11 Şubat 2009 Çarşamba

Tanrıdaşlık.

Peygamberler sayıca çoktur, Tanrı tektir, eşi yoktur

İnsanoğlu, tarihi boyunca kendi türdeşleri ile savaşmış, kavgaya tutuşmuşsa da, ama yine de diğerleriyle bir bağ, benzerlik, özdeşlik aramıştır. Bu vesileyle de kardeşlik (karındaşlık), adaşlık, soydaşlık, yoldaşlık, yurttaşlık, meslektaşlık gibi benzeri kavramlarla kendisinin Başkası ile birlikte aynı nesneye ilişkin olduğuna inanmıştır. Bu kavramlar çeşitli toplulukların çimentosu niteliğinde değer ifade etmişlerdir.
Oysa, Tanrının yarattığı ilk iki insan aynı anneden doğmadıkları için ne kardeştiler, henüz yurt ve soy söz konusu olmadığı için ne soydaş ne de yurttaştılar, adları farklı olduğundan adaş bile değildiler. İnsan olmaları nedeniyle türdeştiler, fakat yaratılış itibariyle aynı Tanrı tarafından yaratıldıkları için sadece kendi türlerini kapsayan türdeşlikten öte tüm yaratılmışlar evrenini kapsayan bir anlatımla dersek Tanrıdaştılar. Başka sözle aynı Tanrıya ilişkindiler.
İnsan türünün gelişim ve evrim süreci boyunca oluşturulan en büyük topluluklar dini topluluklardır. Her dinin mensubu kendi dindaşları ile bir bağ kurmakta zorlanmaz. Örneğin, bir Musevî bir diğer Musevîye “dindaşım” diye hitap edebilir. Fakat aynı hitabı bir Buddhiste veya Hristiyana edemez. Ve yahut “Müslüman Müslümanın, Zerdüştî Zerdüştînin kardeşidir” diyebileceğimiz halde “Müslüman Hristiyanın, Buddhist Zerdüştînin, Krişnacı Musevînin vs. kardeşidir” diyemeyiz. Peki, ne diyebiliriz? Eğer adları burada geçen ve geçmeyen bütün dinleri ve o dinlerin mensuplarını ve hatta bu dinlerden herhangi birine bağlanmaksızın tek olan ve eşi bulunmayan Tanrıya inanan ve yahut bütün dinleri kucaklayabilen bireyleri tek ve eşsiz Tanrı yaratmışsa, o zaman onların hepsi Tanrıdaş olmuyorlar mı? Onlar birbirine “tanrıdaşım” diye hitap edemezler mi?

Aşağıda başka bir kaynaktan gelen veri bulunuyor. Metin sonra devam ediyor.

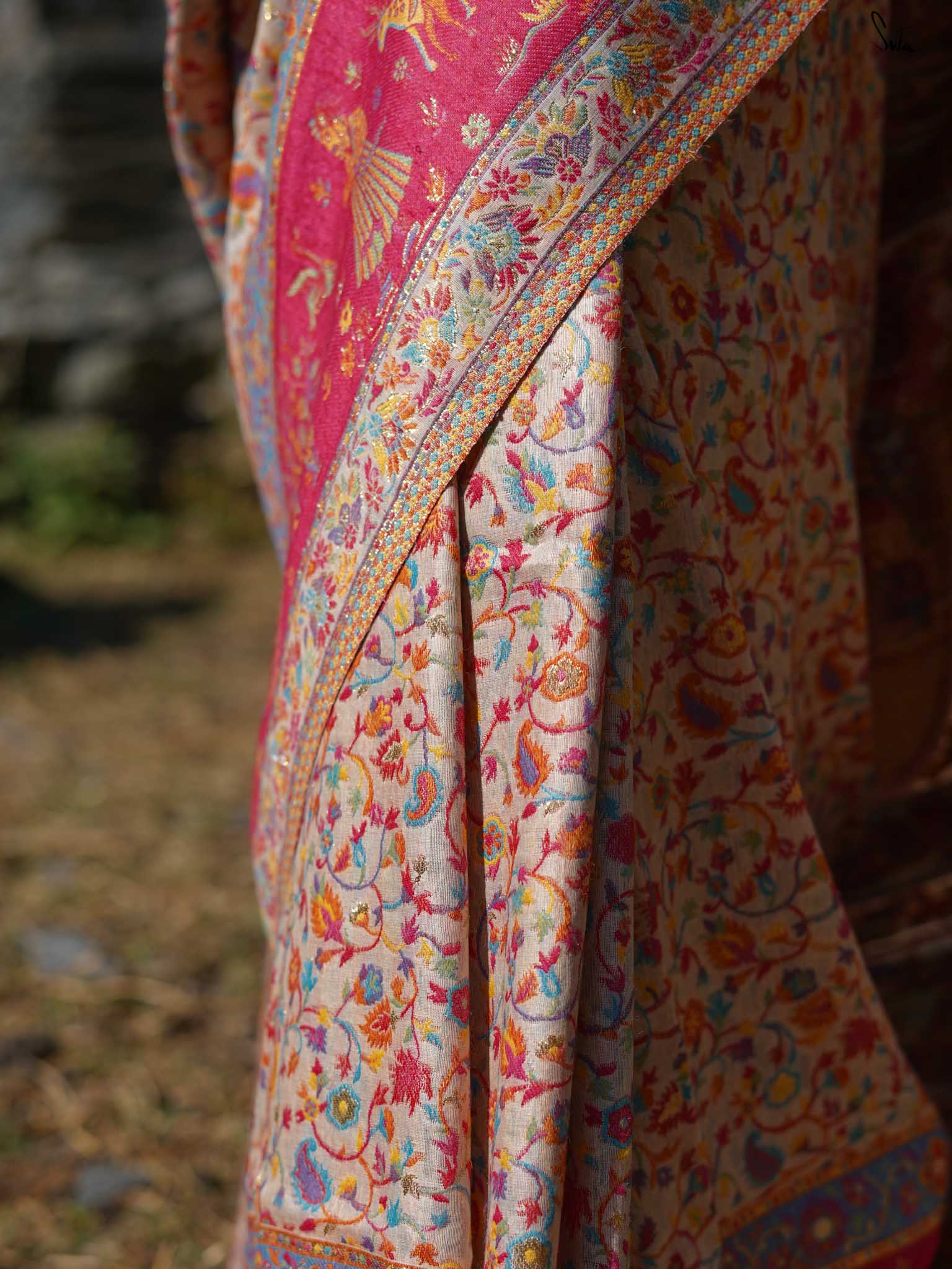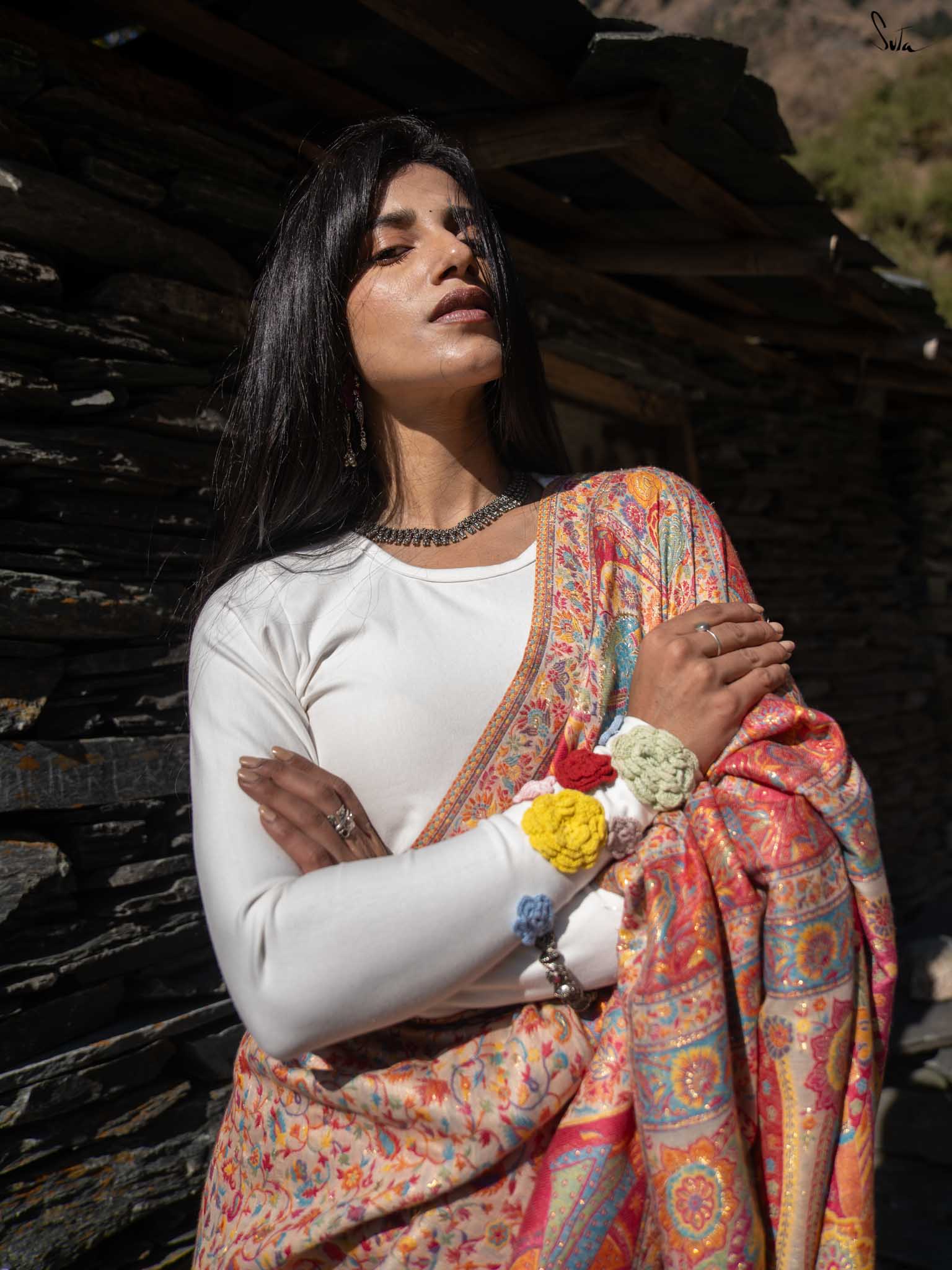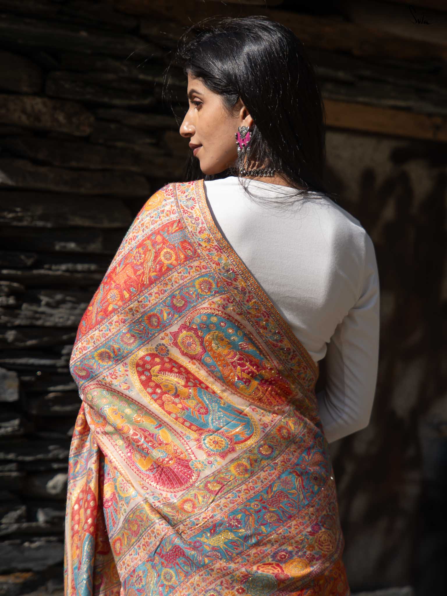 The beige base reflects the quiet beauty of earth, while colourful woven motifs bloom like wildflowers after rain. Graceful and grounded, Deodar Pashm is perfect for the woman who carries quiet strength and endless elegance.

Öyleyse, Buddhist Hristiyanın, Musevî Müslümanın, Krişnacı ise Zerdüştînin tanrıdaşıdır dersek haksız olur muyuz?
Dahası, aynı Tanrıya ilişkin olduğumuzdan dolayı melekler, hayvanlar, bitkiler, hatta yıldızlar ve gezeğenler bile kendi aralarında ve insanlarla ilişkilerinde tanrıdaş olarak görülürse çok da yanlış olmaz. “Yeryüzü benim soydaşımdır veya kardeşimdir” denemez, ama pek âlâ “Yeryüzü benim tanrıdaşımdır” denebilir.
Bütün insanları ve tüm evreni aşkın Bir Tanrı birleştirir, öyleyse hepimiz evrensel olarak Tanrıdaşız.